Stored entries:
──────────

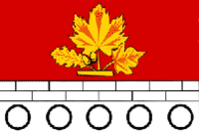 «Прямоугольное полотнище жёлтого цвета с отношением ширины к длине 2:3, несущее в крыже расположенные синий кадуцей над скрещёнными красными молотами. У свободного края треугольник в виде вертикально развёрнутой кирпичной бело-красной кладки (причём красные элементы образуют красную сломанную под углом полосу, примыкающую к краю треугольника), отделённый от основной части полотнища синей сломанной под углом полосой, несущей 15 белых звёзд (ближайшая к древку имеет больший размер)».
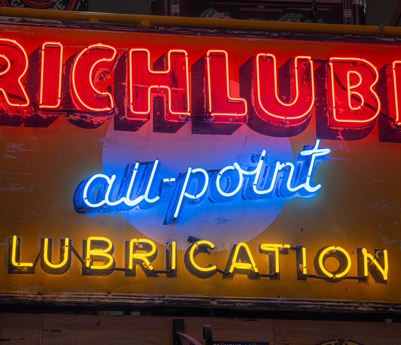 - Color: Multi-color – Red, Blue, Yellow on Porcelain/Steel Background Neon Color: Red (“Richlube”), Blue (“All-Point”), Yellow (“Lubrication”)
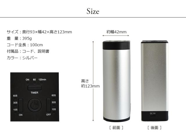 【特徴】水を使わない進化系ディフューザー。どんな空間にもなじむシンプルデザインで、直接オイルを空気微粒子に変換し、空気中に拡散することができるタイプです。余計な手間なく火の取り扱いを気にすることもなく手軽にアロマの香りを楽しめます。ポータブルなので、場所を選ばずお使いいただけます。当店のアロマ10mlと5mlのタイプならそのまま取り付け可能。【商品スペック】内容量:[セット内容]ディフューザー本体+10ml精油1本付き!サイズ:93×42×123mm重さ:395gその他:[お手入れに関して]粘性の高い精油を使用した場合は目詰まりの原因となる場合がございます。また、精油の成分が固形化して目詰まりとなる場合もございます。ご利用になる際は、粘性や凝固点に留意してご使用ください。また、長期間ご使用にならない場合は、ノズル内に残った精油が凝固したり、ホコリを固めたりすることによって目詰まりや故障の原因となる場合がございます。定期的にお手入れをしながら、ご利用ください。
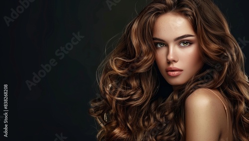 Beautiful woman Beauty brunette girl with long and shiny wavy black hair . Beautiful woman model with curly hairstyle
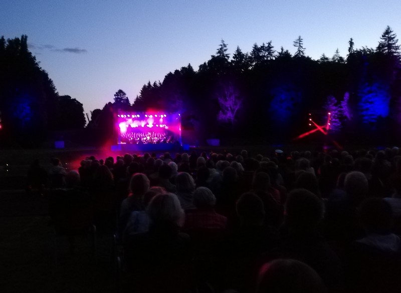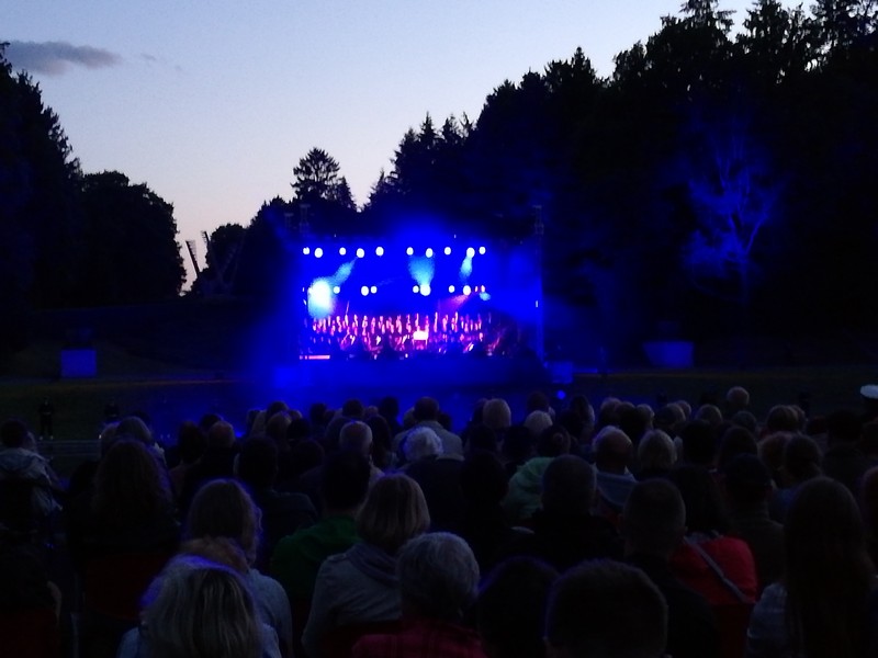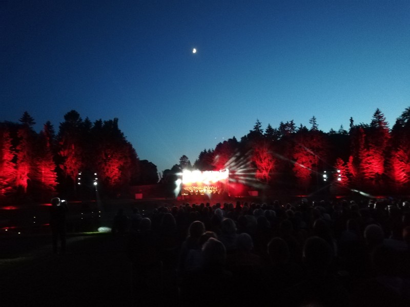 Nocne niebo było pogodne, był lekki chłód. Nad sceną, ustawioną za stawem naprzeciwko kaplicy głównej i licznie zgromadzonych szczecinian, świecił księżyc w nowiu.
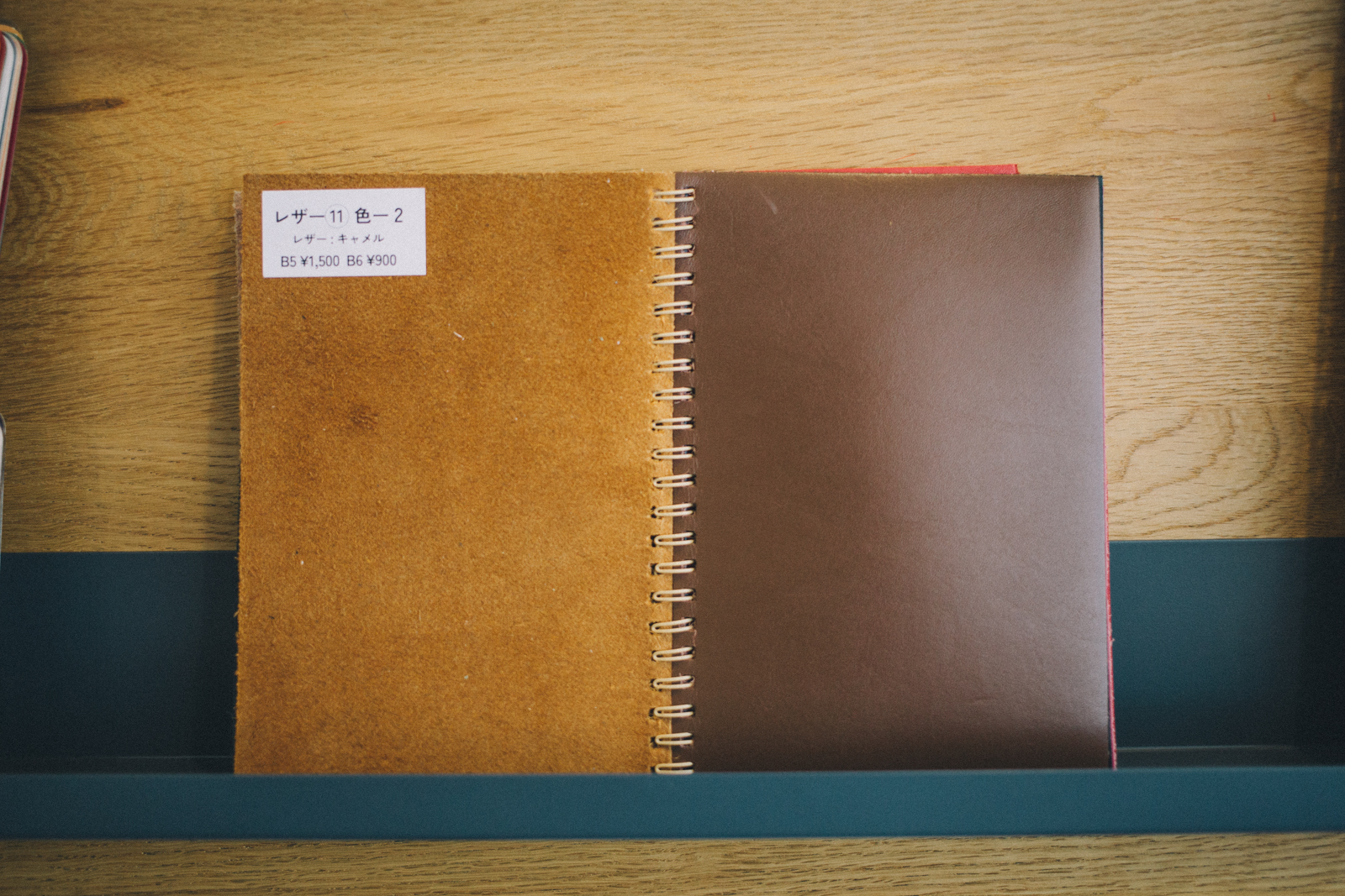 紙だけでなく、レザーの表紙も選べます。(B5 ¥1,500 / B6 ¥900)
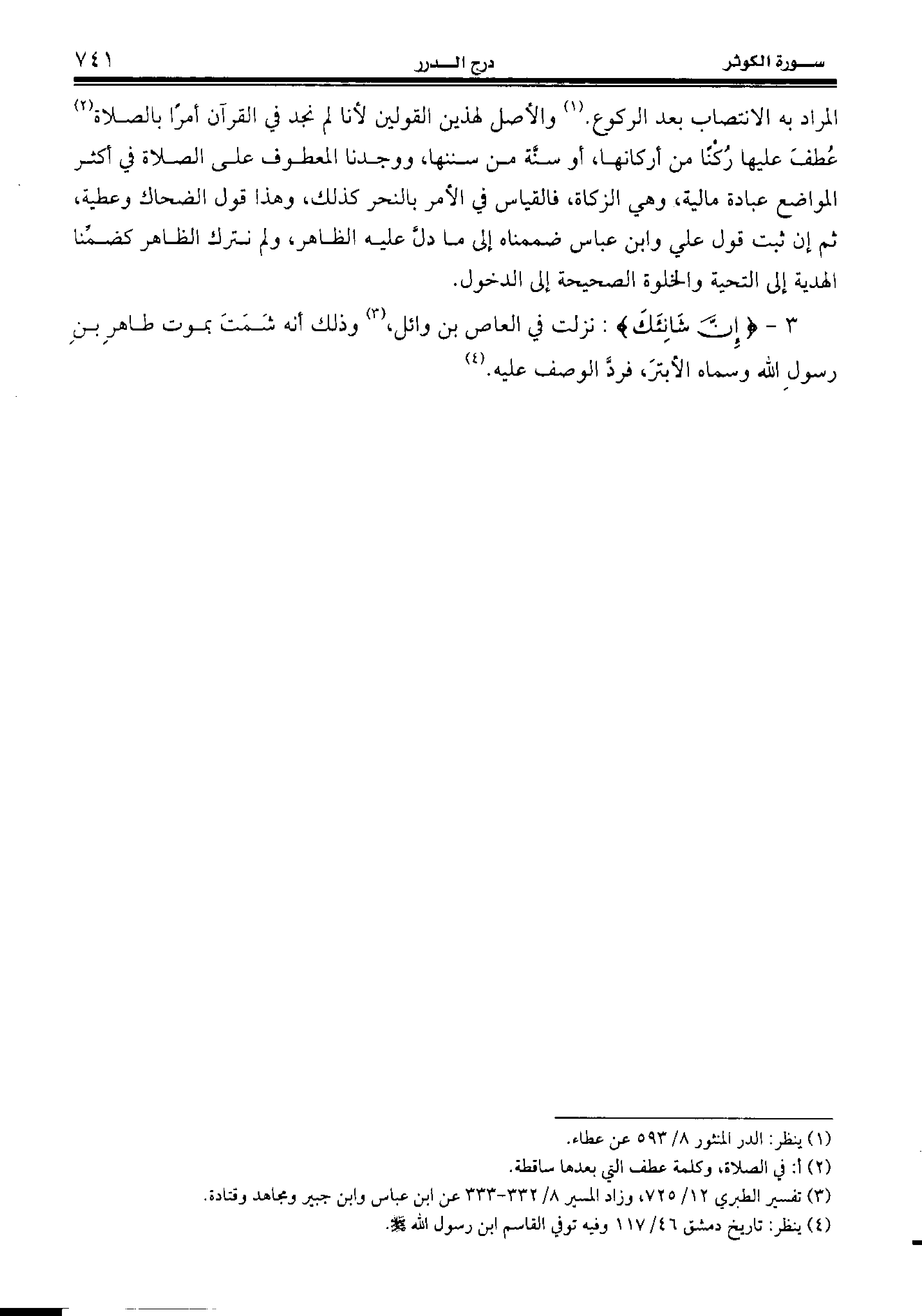3 - {إِنَّ شانِئَكَ:} نزلت في العاص بن وائل، (¬3) وذلك أنه شمت بموت طاهر بن رسول الله وسماه الأبتر، فردّ الوصف عليه. (¬4)
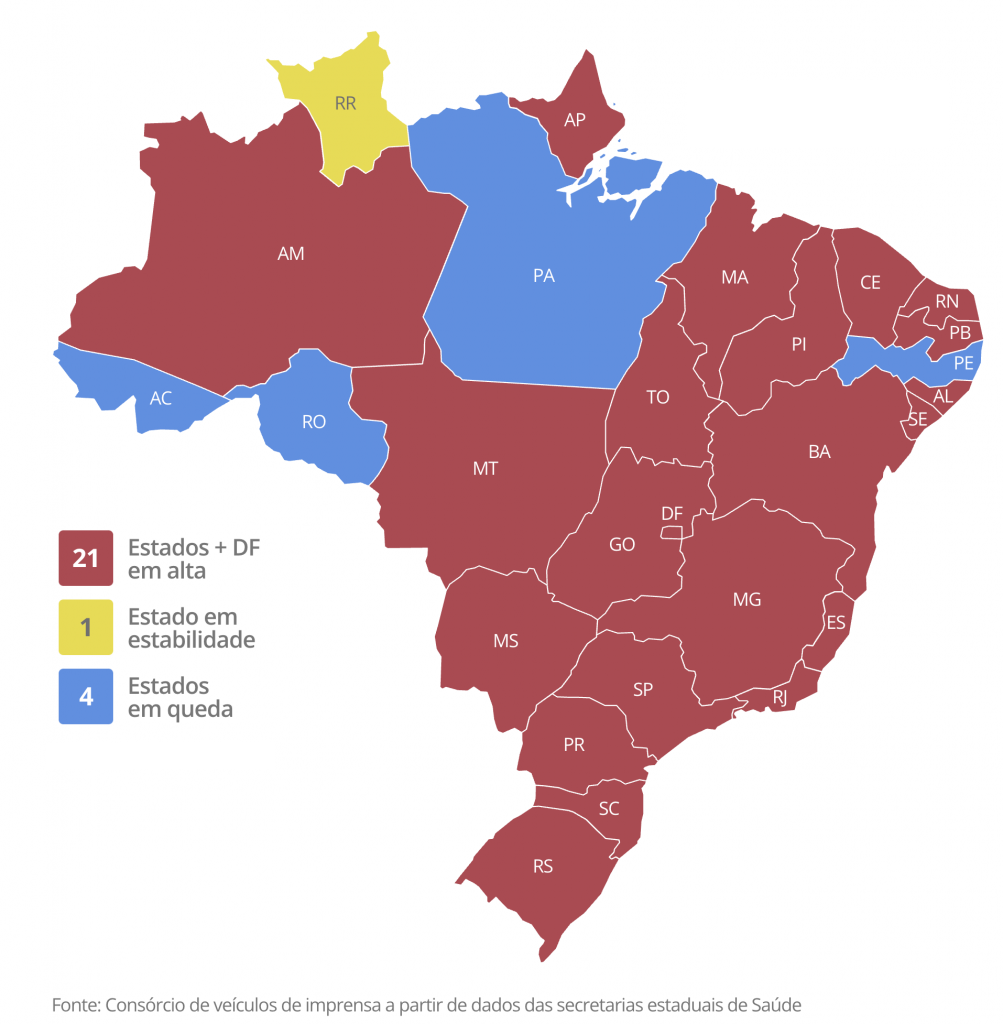 A maior parte dos estados estão com aceleração de mortes. São 21 mais o DF (PR, RS, SC, ES, MG, RJ, SP, DF, GO, MS, MT, AM, AP, TO, AL, BA, CE, MA, PB, PI, RN e SE). Restam quatro estados em queda de mortes, sendo Pará, Rondônia, Acre e Pernambuco. Roraima mantém estabilidade.

──────────

Reproduce only the lines from the beginning of the data through the line that contains "الوصف عليه. (¬4)", both included, and please drop the pictures.

 «Прямоугольное полотнище жёлтого цвета с отношением ширины к длине 2:3, несущее в крыже расположенные синий кадуцей над скрещёнными красными молотами. У свободного края треугольник в виде вертикально развёрнутой кирпичной бело-красной кладки (причём красные элементы образуют красную сломанную под углом полосу, примыкающую к краю треугольника), отделённый от основной части полотнища синей сломанной под углом полосой, несущей 15 белых звёзд (ближайшая к древку имеет больший размер)».
 - Color: Multi-color – Red, Blue, Yellow on Porcelain/Steel Background Neon Color: Red (“Richlube”), Blue (“All-Point”), Yellow (“Lubrication”)
 【特徴】水を使わない進化系ディフューザー。どんな空間にもなじむシンプルデザインで、直接オイルを空気微粒子に変換し、空気中に拡散することができるタイプです。余計な手間なく火の取り扱いを気にすることもなく手軽にアロマの香りを楽しめます。ポータブルなので、場所を選ばずお使いいただけます。当店のアロマ10mlと5mlのタイプならそのまま取り付け可能。【商品スペック】内容量:[セット内容]ディフューザー本体+10ml精油1本付き!サイズ:93×42×123mm重さ:395gその他:[お手入れに関して]粘性の高い精油を使用した場合は目詰まりの原因となる場合がございます。また、精油の成分が固形化して目詰まりとなる場合もございます。ご利用になる際は、粘性や凝固点に留意してご使用ください。また、長期間ご使用にならない場合は、ノズル内に残った精油が凝固したり、ホコリを固めたりすることによって目詰まりや故障の原因となる場合がございます。定期的にお手入れをしながら、ご利用ください。
 Beautiful woman Beauty brunette girl with long and shiny wavy black hair . Beautiful woman model with curly hairstyle
 Nocne niebo było pogodne, był lekki chłód. Nad sceną, ustawioną za stawem naprzeciwko kaplicy głównej i licznie zgromadzonych szczecinian, świecił księżyc w nowiu.
 紙だけでなく、レザーの表紙も選べます。(B5 ¥1,500 / B6 ¥900)
3 - {إِنَّ شانِئَكَ:} نزلت في العاص بن وائل، (¬3) وذلك أنه شمت بموت طاهر بن رسول الله وسماه الأبتر، فردّ الوصف عليه. (¬4)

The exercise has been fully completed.